Friday, December 7, 2012

A New "Trend" in ERISA Litigation?



Few would argue the point that we live in a society that has become somewhat “lawsuit prone”.  Sometimes it’s a matter of people or entities not wanting to accept responsibility for the decisions they make. At other times it’s greed, with the prospect of exploiting a deep pocket too tempting for some to resist.  And of course, there are plenty of legitimate, justifiable legal actions that complete the mix.

The world of ERISA is no exception to the phenomenon of intensified litigation.  The sum and substance of retirement saving is the accumulation of, if not wealth, at least adequate resources to support a reasonably comfortable lifestyle in retirement.  With retirement plan balances usually being one of the top two largest assets(along with their home) an individual has at retirement time, the stakes are high for all who save through an employer sponsored retirement plan.  As such, more litigation over wrongs or perceived wrongs are the result.      

The spectrum of ERISA lawsuits is as broad as litigation in commerce and society in general.  At times there is out-and-out thievery of workers’ assets, which obviously must be rectified.  At other times there is litigation in the wake of poor judgment, bad luck or just bad timing, typically in investment performance.  When a saver’s assets fail to grow as hoped, or worse yet, they “tank,” to use an unscientific term, more and more the matter ends up in court.

ERISA litigation is characterized by many layers of complexity, including employers, trustees, investment providers, third-party administrators, recordkeepers, accountants and actuaries.  These days, the real hot buttons in ERISA litigation are the fairness and disclosure of fees associated with plan administration and investments, and the propriety of investments offered to plan participants. 

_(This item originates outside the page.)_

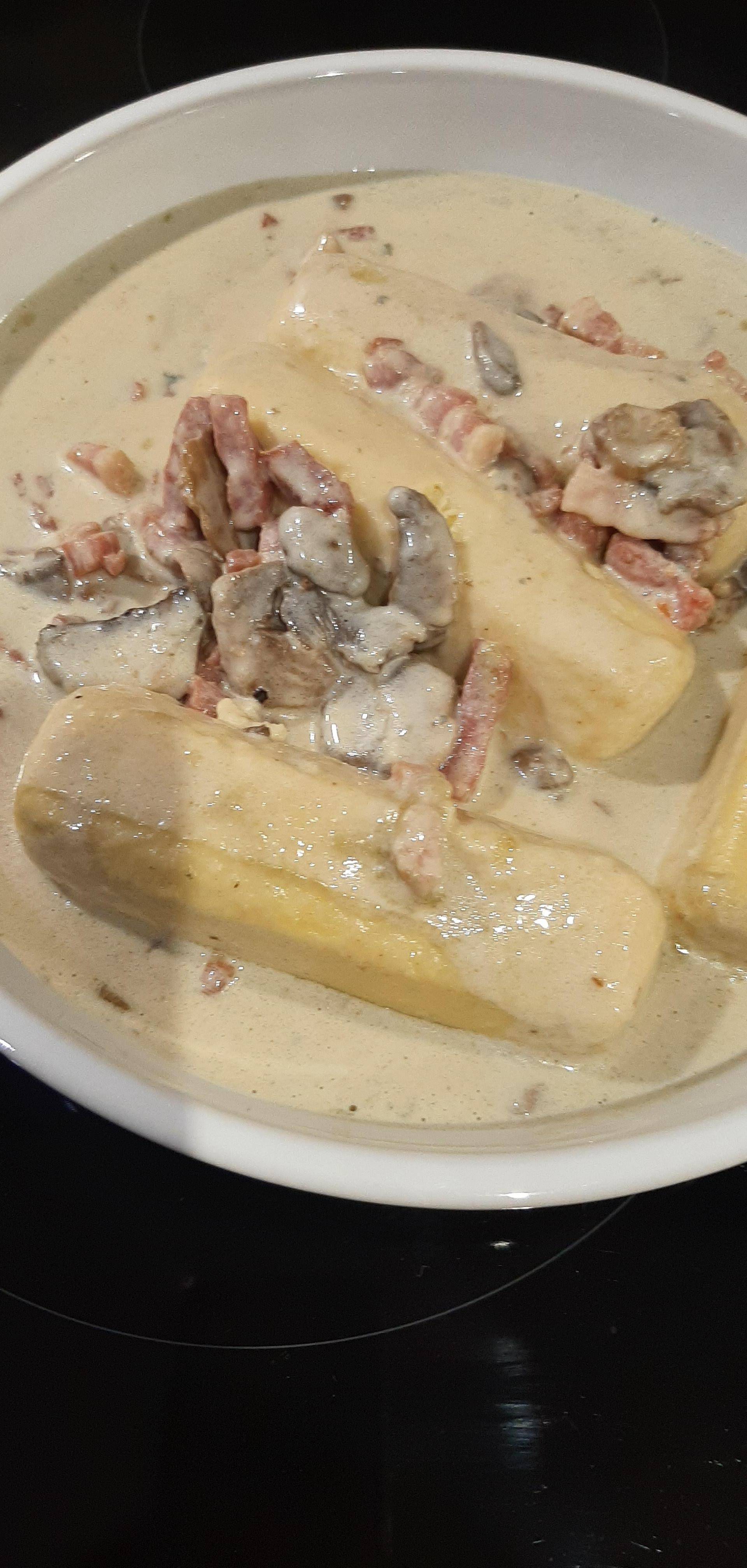 En mode dorer faire revenir les lardons dans l'huile d'olive et ajouter les champignons émincés laisser 2mn en remuant

A recent “push” of a hot button was the decision by the U.S. Supreme Court not to hear the case known as Santomenno v. John Hancock Life Insurance Co.  This action lets stand an April 2012 ruling by the 3rd U.S. Circuit Court of Appeals, and its effect will be to allow a lawsuit against John Hancock alleging excessive 401(k) plan fees to go forward.

What’s concerning to some about this particular suit is that the plaintiffs sued the service provider, John Hancock, directly, without having exhausted the customary remedies of demanding that the sponsoring employer and/or plan trustee take action, and adding these parties to the lawsuit first.  The Supreme Court in deciding not to hear this case, appears to have given tacit approval to this approach.    

It is probably small comfort that the 3rd Circuit ruled that the plaintiffs could not also sue under the Investment Company Act of 1940 (ICA), because during the course of this lawsuit the lead plaintiffs had divested the investment funds that gave rise to their lawsuit, and technically no longer had standing to sue under that law.  The Supreme Court had been asked to overrule the 3rd Circuit and allow the plaintiffs to sue under the ICA. 

While it is unclear whether John Hancock will ultimately be found to have charged excessive fees, it does seem clear that entities that provide services and investment products to retirement plans are likely to feel more vulnerable to such litigation; vulnerable at least to having to expend resources to defend themselves against direct litigation before the exhaustion of standard legal remedies.  And it’s hard to avoid the conclusion that their costs will ultimately become the costs of plans and their participants.